__WHAT YOU SHOULD DO__. Your task is to copy exactly the lines from the line containing "Read moreผ่านมาหลายรอบแล้วค่ะ ร้านนี้" through the end of the listing below, with pictures left out.

__GIVEN DATA__.

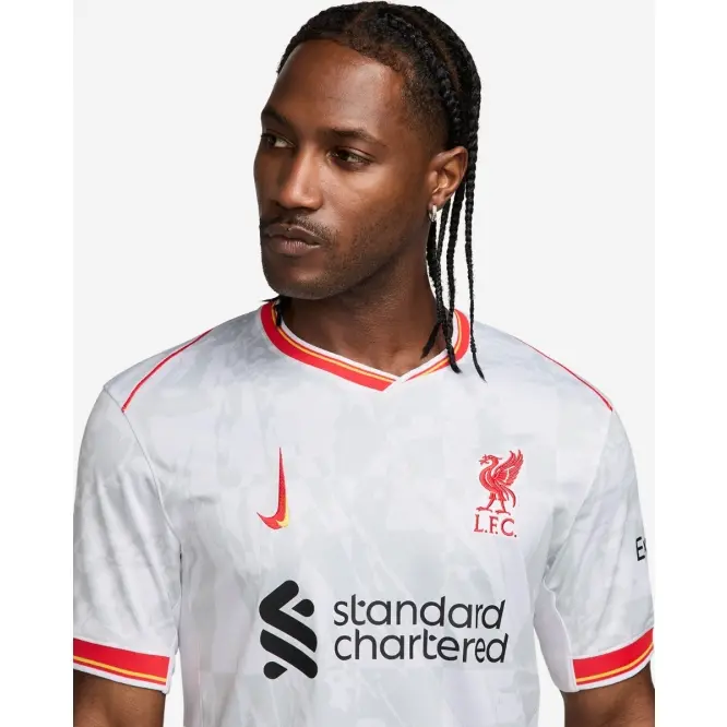 • White Jersey with LFC Liverbird badge, LFC sponsors and a unique upward dual Nike swoosh.
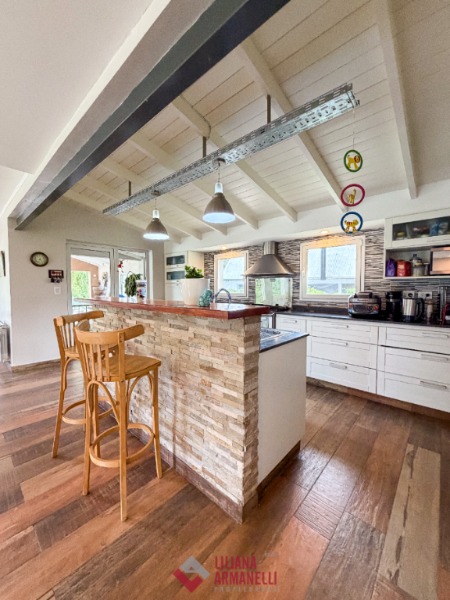 Casa de 4 ambientes. Lote de 772 mts. Amplio living comedor con ventanales. Cocina con isla. 3 Dormitorios con placares. Toilette. Baño y ante baño. Lavadero. Quincho semi cubierto con parrilla. Gran parque con pileta. Calefacción por radiadores. Gas natural. Apto crédito. Sierra de Los Padres.
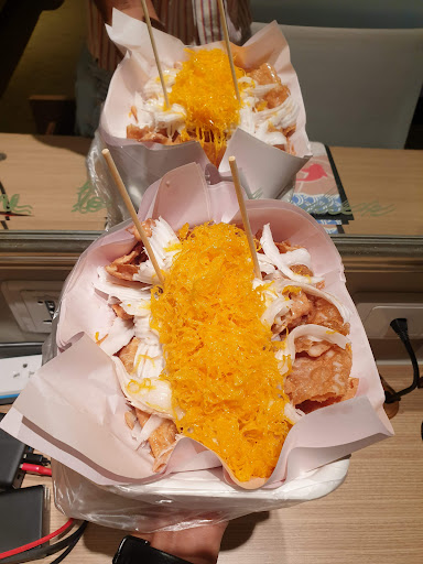 Read moreผ่านมาหลายรอบแล้วค่ะ ร้านนี้ แต่ไม่มีโอกาสแวะเลย เพราะที่จอดไม่ค่อยมี วันนี้ฤกษ์ดีดิถีมาแวะกินส้มตำ จอดรถหน้าร้านส้มตำแล้วก็เดินย้อนกลับมาซื้อ ระหว่างเดินมาก็แบบ หอมกลิ่นโรตีมาตามทางอ่ะเทอ ป้ายหน้าร้านเค้าชัดเจนมากนะคะ “ หากท่านรีบ อย่าพึ่งสั่ง เพราะการทำโรตีมีความละเอียดและขั้นตอนไในการทำ” 😄 อันนี้จิงนะ คือเรายืนดูเค้าทำ ใส่ใจรายละเอียดในขั้นตอนการทำมาก อุปการณ์การทำ แท่นวางโรตีอะไรดูสะอาดถูกสุขลักษณะมาก กินแล้วไม่กลัวท้องเสียอ่ะเทอ อร่อยตั้งแต่ยืนดูเค้าทำละมั้ง 😅 เสียดายไม่มีโต๊ะให้นั่งทานในร้าน ดูเมนูนึกว่าร้านพิซซ่าน่ะเทอ เค้ามีให้เลือก แป้งหนานุ่ม หรือบางกรอบ😄 เราชอบมะพร้าวอ่อน ฝอยทอง ก็สั่ง หนานุ่ม 1 บางกรอบ1 ไปเลยสิคะ วันนี้ใส่เกงยางยืดมา ไม่หวั่นค่ะ ทางร้านน่ารักค่ะ เสร็จแล้วก็เดินเอามาส่งที่ร้านส้มตำให้ด้วย เปิดถุงมา โอ้โห… ทอปปิ้งแน่นมากกกกกกกกก มะพร้าวอ่อน ฝอยทองคือฟูล้นจอ ชิมแป้งบางกรอบ กรุบกรอบ รสชาติอร่อย ฝอยทองก็หอมนุ่ม มะพร้าวอ่อนก็นิ่มนวล ปริมาณให้เยอะเกินราคามาก อ่ะชิมแป้งหนานุ่มต่อ โอ้โห… แป้งโรตีหนุบหนับนุ่มในปากมากเทอ อร่อยดูดนิ้วจร้า😄 เจ้าของร้านก็น่ารัก บริการดี อัธยาศรัยดี...
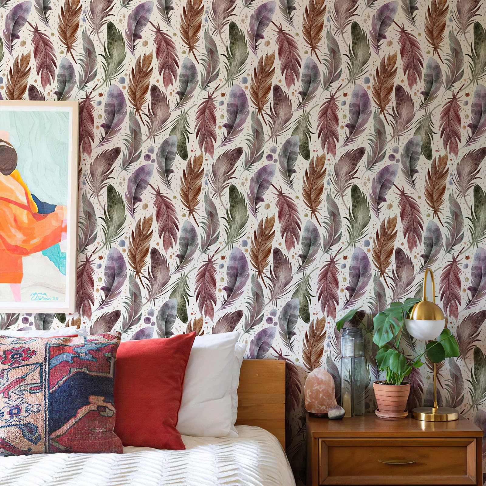 2. Apply Peel-Stick Wallpaper to the wall, beginning in the corner. (Do not peel all the backing all at once, peel off a few inches at a time, slowly stick it to the wall, and then continue to peel off a little more)

__EXPECTED OUTPUT__.
 Read moreผ่านมาหลายรอบแล้วค่ะ ร้านนี้ แต่ไม่มีโอกาสแวะเลย เพราะที่จอดไม่ค่อยมี วันนี้ฤกษ์ดีดิถีมาแวะกินส้มตำ จอดรถหน้าร้านส้มตำแล้วก็เดินย้อนกลับมาซื้อ ระหว่างเดินมาก็แบบ หอมกลิ่นโรตีมาตามทางอ่ะเทอ ป้ายหน้าร้านเค้าชัดเจนมากนะคะ “ หากท่านรีบ อย่าพึ่งสั่ง เพราะการทำโรตีมีความละเอียดและขั้นตอนไในการทำ” 😄 อันนี้จิงนะ คือเรายืนดูเค้าทำ ใส่ใจรายละเอียดในขั้นตอนการทำมาก อุปการณ์การทำ แท่นวางโรตีอะไรดูสะอาดถูกสุขลักษณะมาก กินแล้วไม่กลัวท้องเสียอ่ะเทอ อร่อยตั้งแต่ยืนดูเค้าทำละมั้ง 😅 เสียดายไม่มีโต๊ะให้นั่งทานในร้าน ดูเมนูนึกว่าร้านพิซซ่าน่ะเทอ เค้ามีให้เลือก แป้งหนานุ่ม หรือบางกรอบ😄 เราชอบมะพร้าวอ่อน ฝอยทอง ก็สั่ง หนานุ่ม 1 บางกรอบ1 ไปเลยสิคะ วันนี้ใส่เกงยางยืดมา ไม่หวั่นค่ะ ทางร้านน่ารักค่ะ เสร็จแล้วก็เดินเอามาส่งที่ร้านส้มตำให้ด้วย เปิดถุงมา โอ้โห… ทอปปิ้งแน่นมากกกกกกกกก มะพร้าวอ่อน ฝอยทองคือฟูล้นจอ ชิมแป้งบางกรอบ กรุบกรอบ รสชาติอร่อย ฝอยทองก็หอมนุ่ม มะพร้าวอ่อนก็นิ่มนวล ปริมาณให้เยอะเกินราคามาก อ่ะชิมแป้งหนานุ่มต่อ โอ้โห… แป้งโรตีหนุบหนับนุ่มในปากมากเทอ อร่อยดูดนิ้วจร้า😄 เจ้าของร้านก็น่ารัก บริการดี อัธยาศรัยดี...
 2. Apply Peel-Stick Wallpaper to the wall, beginning in the corner. (Do not peel all the backing all at once, peel off a few inches at a time, slowly stick it to the wall, and then continue to peel off a little more)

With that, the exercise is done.